Con el 93% de las mesas escrutadas, el binomio de Noboa y Verónica Abad se coronó vencedor de esta segunda vuelta con el 52,2% de los votos, dejando atrás a la fórmula de González y el ex aspirante a la presidente Andrés Arauz, que acumularon un 47,8%. Con el triunfo de Noboa, un empresario que se define a sí mismo como un “socialdemócrata”, concluye el camino de unas elecciones atípicas a raíz de la “muerte cruzada” que aplicó el presidente saliente Guillermo Lasso, una medida constitucional nunca antes vista en el Ecuador. La contienda será recordada entre los ecuatorianos como la más violenta de su historia, en la que los candidatos no se sacaron el chaleco antibalas, en especial tras el traumático asesinato del aspirante presidencial Fernando Villavicencio días antes de la primera vuelta[1].
El auge y ocaso
del partido “Revolución Ciudadana” fue el mismo que el de sus pares populistas del
Caribe y el Cono Sur.

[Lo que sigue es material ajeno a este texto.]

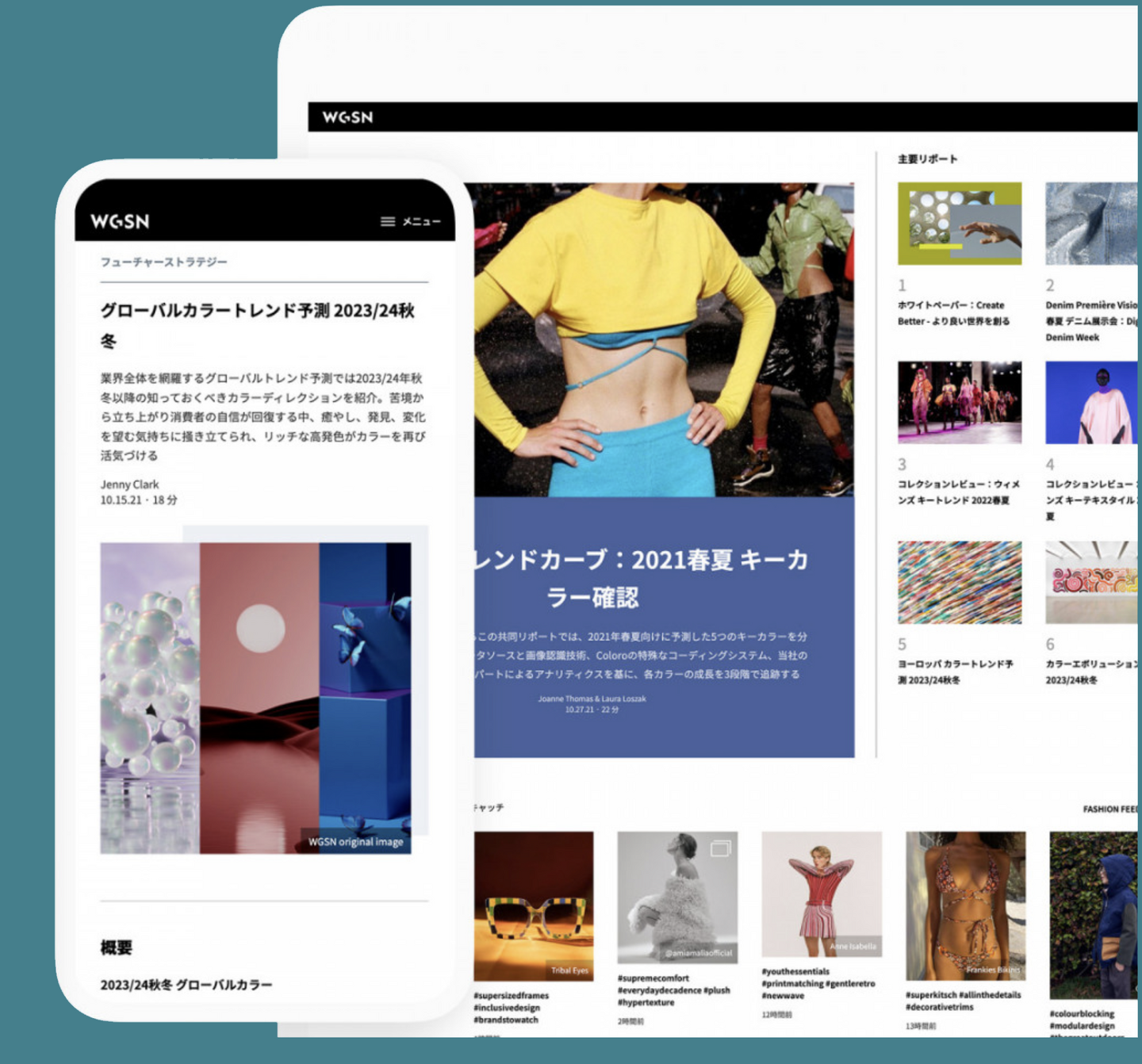 最新情報から10年先の予測まで、信頼できるトレンドインサイト、専門家がキュレーションしたデータ、実行可能な推奨事項を参考にし、自信に満ちた決断を下しましょう。私たちは、お客様が世界中のどこを拠点にしていても、次世代の消費者を理解し、クリエイティブなデザインを実現できるようサポートします。
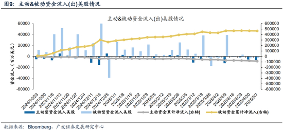 美股主动资金流出小幅扩大,被动资金变化不明显。
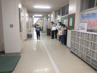 今日のあいさつ運動は、フランス語でした。交流仲間委員会の子たちが、「ボンジュール」と全校児童に声をかけていました。
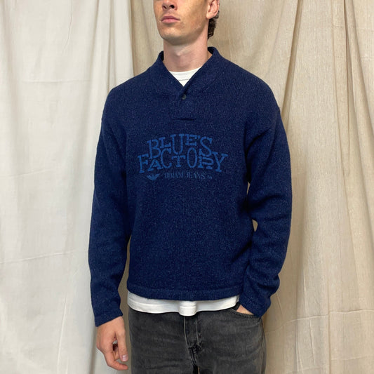 Armani Jeans Blue 90s Silk & Wool Button Collar 'Blues Factory' Jumper
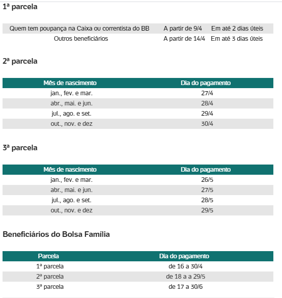 As duas parcelas seguintes do auxílio serão depositadas conforme o mês de nascimento do beneficiário (veja na tabela mais abaixo).
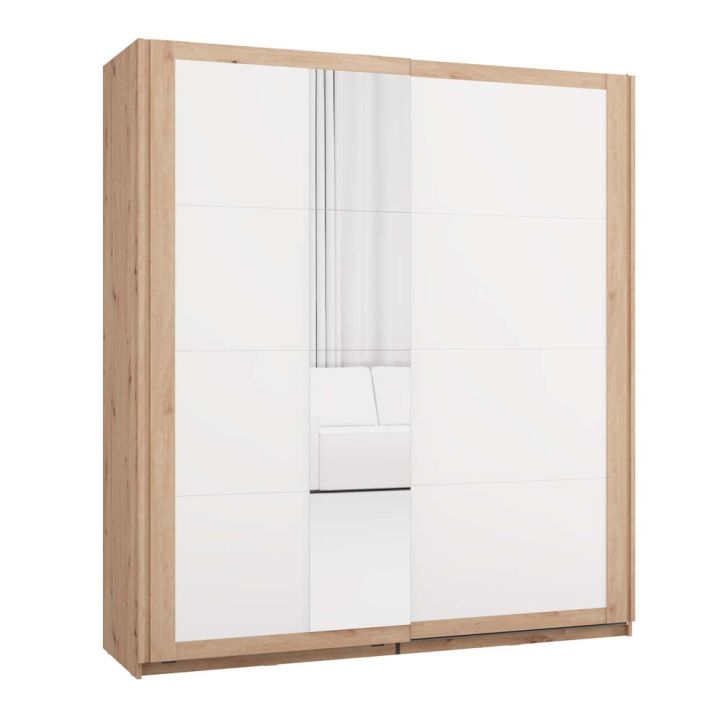 Двукрилен гардероб Картена с плъзгащи врати и огледало в декор дъб артисан и бяло, размери: 195/95/217,5 см
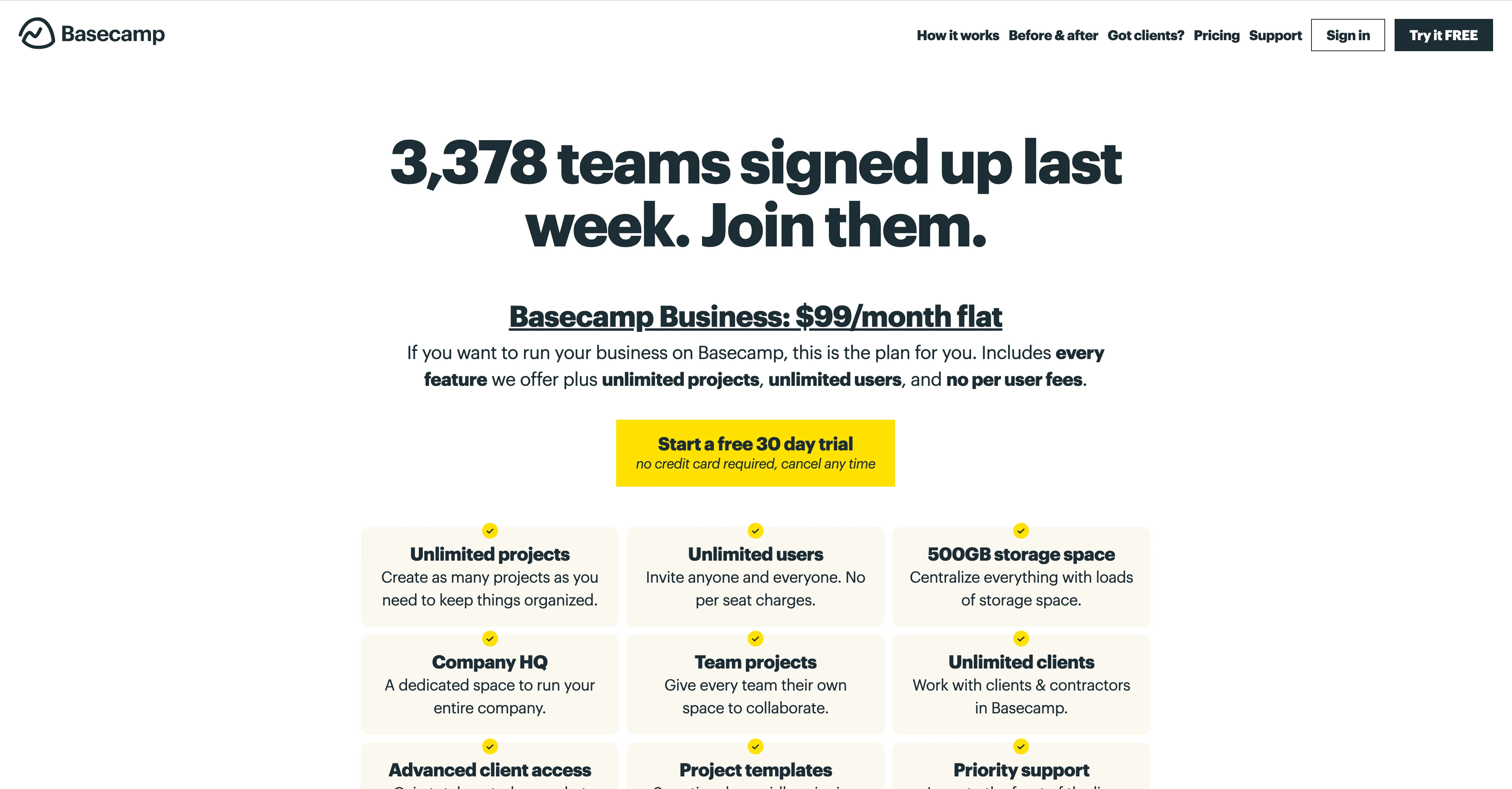 Basecamp es una herramienta de **gestión de proyectos que busca centralizar en un único lugar **toda la información necesaria para el equipo en remoto.
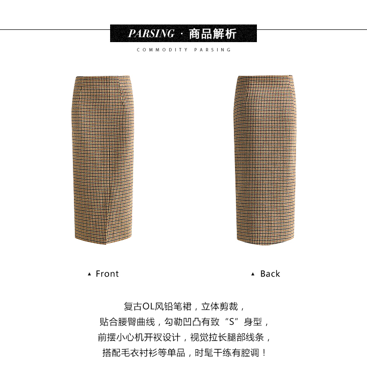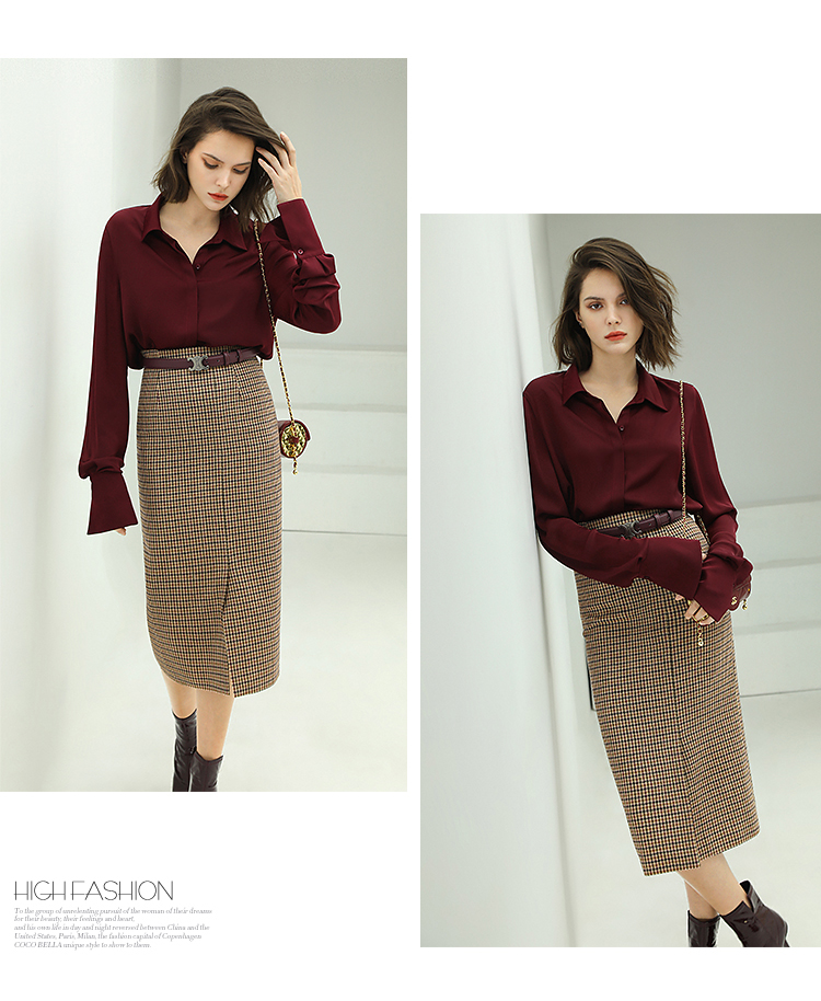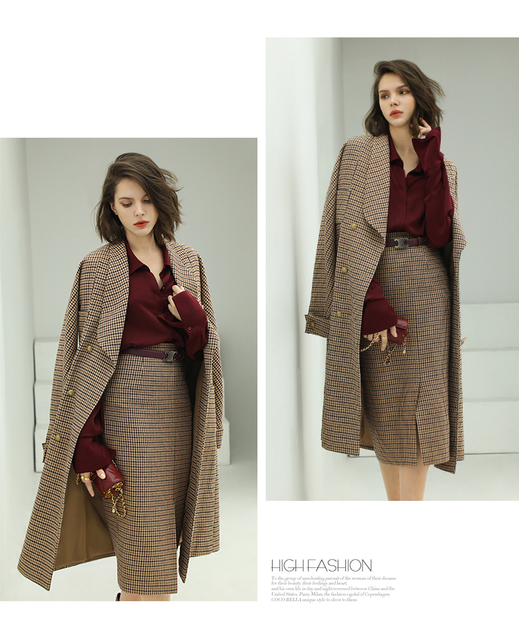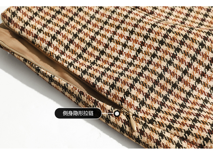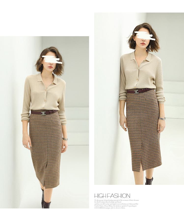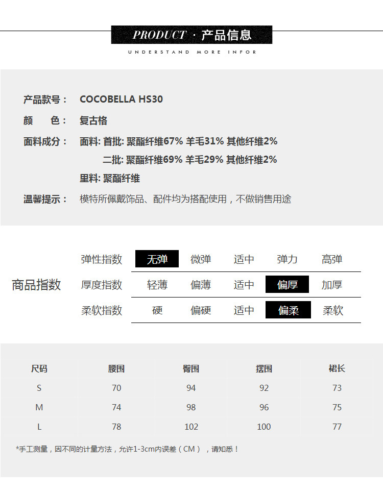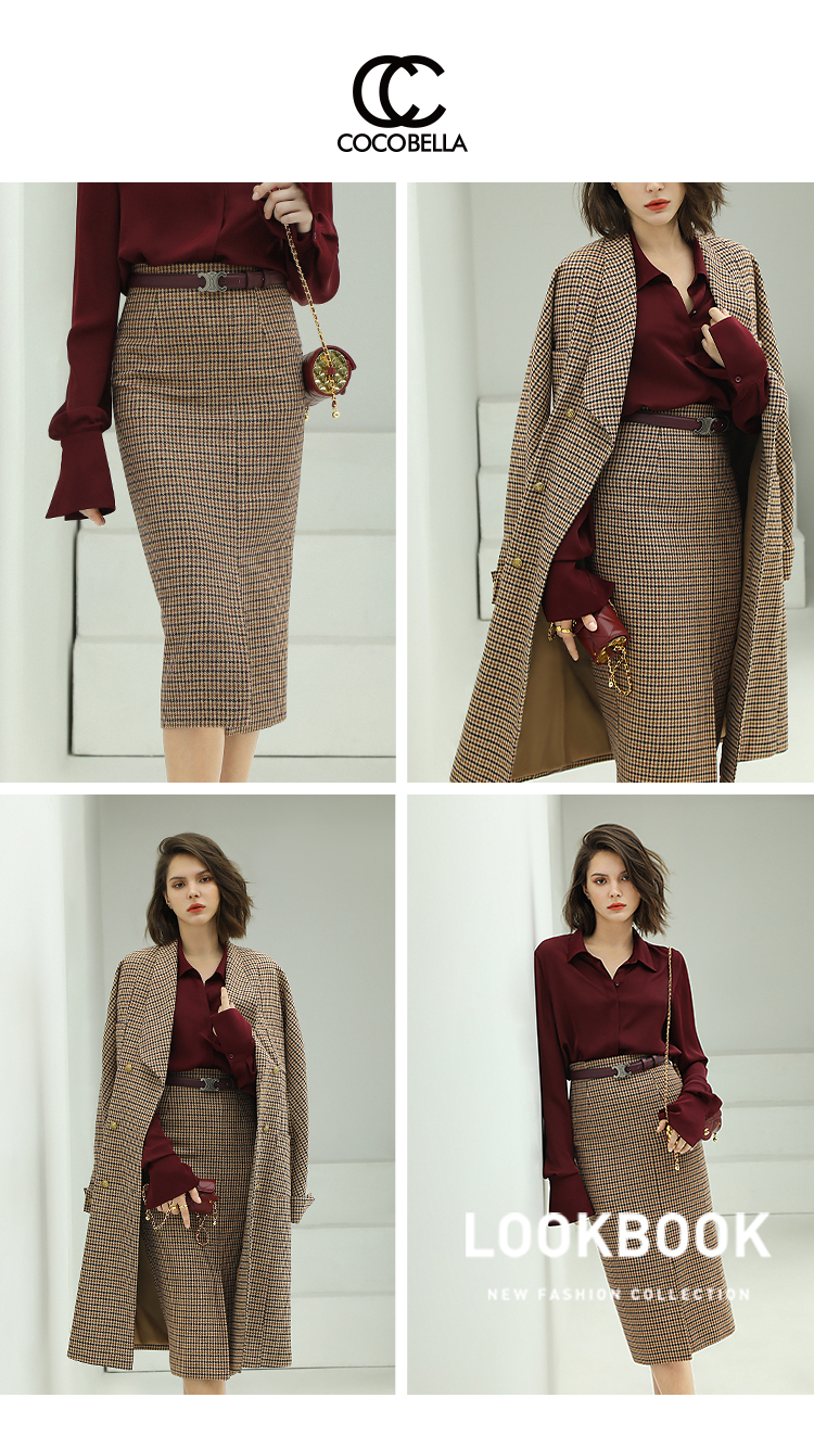 COCOBELLA复古英伦格纹羊毛半身裙中长款通勤半裙HS30

Creció durante el ciclo de expansión capitalista previo
al crack del 2008, debido al aumento de los precios internacionales de los
commodities, empujados por la gran demanda del capitalismo chino.
El freno de este
ciclo y la profundización de la crisis capitalista, sacaron a la luz los
límites evidentes de estos modelos y mostraron la verdadera cara del populismo,
que no es otra cosa que una versión maquillada del capitalismo en tiempos de
abundancia. Algunas políticas asistencialistas, no solo no cambiaron la
relación entre explotadores y explotados, sino que profundizaron la explotación
y la opresión obrera que subyace de esta.
La caída de los
gobiernos “nacionales y populares” es, además de un cambio de signo político en
las semicolonias de este lado del mundo, un síntoma de la profunda crisis del
régimen político democrático burgués. Esta realidad se expresa en la ruptura del
bipartidismo y la aparición de candidatos que no son identificados como
políticos profesionales, como algo por fuera de las instituciones, aunque en realidad
no lo sea.
Este proceso es
producto de la crisis económica y del agotamiento de la institucionalidad “democrática”,
que construyó la burguesía para ejercer su dominio en este último período. Aunque
los nuevos políticos aparezcan como una opción, no existen condiciones
materiales para que resuelvan nada, con lo cual es inevitable que las masas
luego de hacer una breve experiencia con estos, salgan a demostrar su rechazo a
las actuales condiciones de vida de forma más abierta.
Este proceso también se vive en Argentina, que afrontará las elecciones presidenciales el próximo fin de semana, con la perspectiva de una contundente derrota del peronismo, (incluido el kirchnerismo) en medio de escándalos por corrupción y luego de un pésimo resultado en las elecciones primarias. La situación de Argentina tiene una particularidad, porque, si bien la base de la crisis política es la misma, la pérdida del mercado chino para la soja, la recesión mundial y el proceso inflacionario que se desbocó, hace que la fragilidad institucional resulte aún más profunda.
Marx y Engels
decían que el motor de la historia es la lucha de clase, que es velada unas veces, y otras, franca y abierta, es
una lucha que conduce en cada etapa a la transformación revolucionaria de todo
el régimen social o al exterminio de ambas clases beligerantes[2].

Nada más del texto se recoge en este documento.